Posted by Paul Vigna on February 26, 2010
Banks, Economy, Financials, Markets / 6 Comments

My old Kentucy home looks better than expected.

I remember reading somewhere once, and maybe I’ve got this wrong, that Harry Truman’s attitude toward every problem was more or less, we’re gonna try this, whatever this was, and if doesn’t work, well, then we’ll try that. Less dogmatic and more pragmatic. He did have, after all, a sign on his desk that said “The buck stops here.”

I wonder if the groundwork’s being laid for a little bit of that in terms of the housing market. The administration’s efforts don’t seem to doing much besides slowing the inevitable aftermath of the burst housing bubble. January’s stunning new home sales report, the equally surprising existing home sales report today, the expectation of another record year of foreclosures, and of course the anemic results of programs like the HAMP, may have people starting to think about a new approach.
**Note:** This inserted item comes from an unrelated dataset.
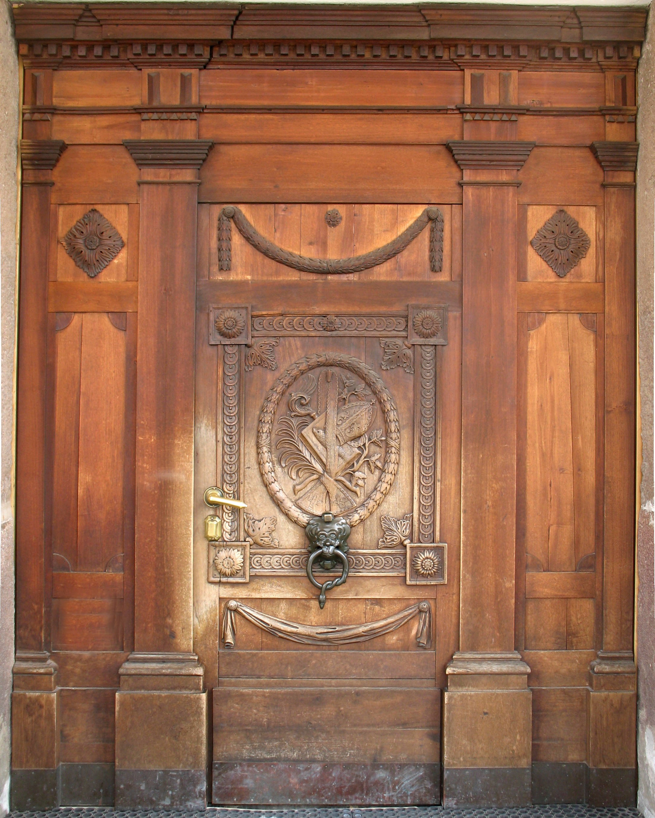 Portal with the attributes of Saint Ulrich of the parish church of St. Ulrich in Gröden carved in wood by Jakob Sotriffer around 1828

All of sudden I’m seeing more and more references to the HOLC, the Home Owners Loan Corporation, the Depression era government agencies that went around buying mortgages from bank, negotiating the terms with homeowners, and working to keep them in their homes with a mortgage they could afford. The source of it may be this article in the New Republic by Brad Miller, a Democratic Congressman from North Carolina.

Miller’s sympathetic to the administration, but makes it clear that current efforts just aren’t “making a dent” in the mountain of foreclosures. “What can the Obama administration do to alleviate this suffering? Turns out, it doesn’t need a new plan to modify mortgages, since there’s a very good old plan on the shelf.” Miller brings back the idea of the HOLC. It didn’t solve every problem, he notes — about 20% of the mortgagees still went into foreclosure — but it did alleviate a lot of the suffering, and by the time the last mortgage was paid off in 1951, it had turned a slight profit.

There are a couple of issues, off the top of my head. People overall put down much less on their homes these days than during the Great Depression, and loans back then were generally 15-year affairs. Also, a new HOLC would likely need hundreds of billions to fund it, with the ultimate payoffs decades in the futures. I don’t know that the citizenry has the stomach for that kind of thing right now.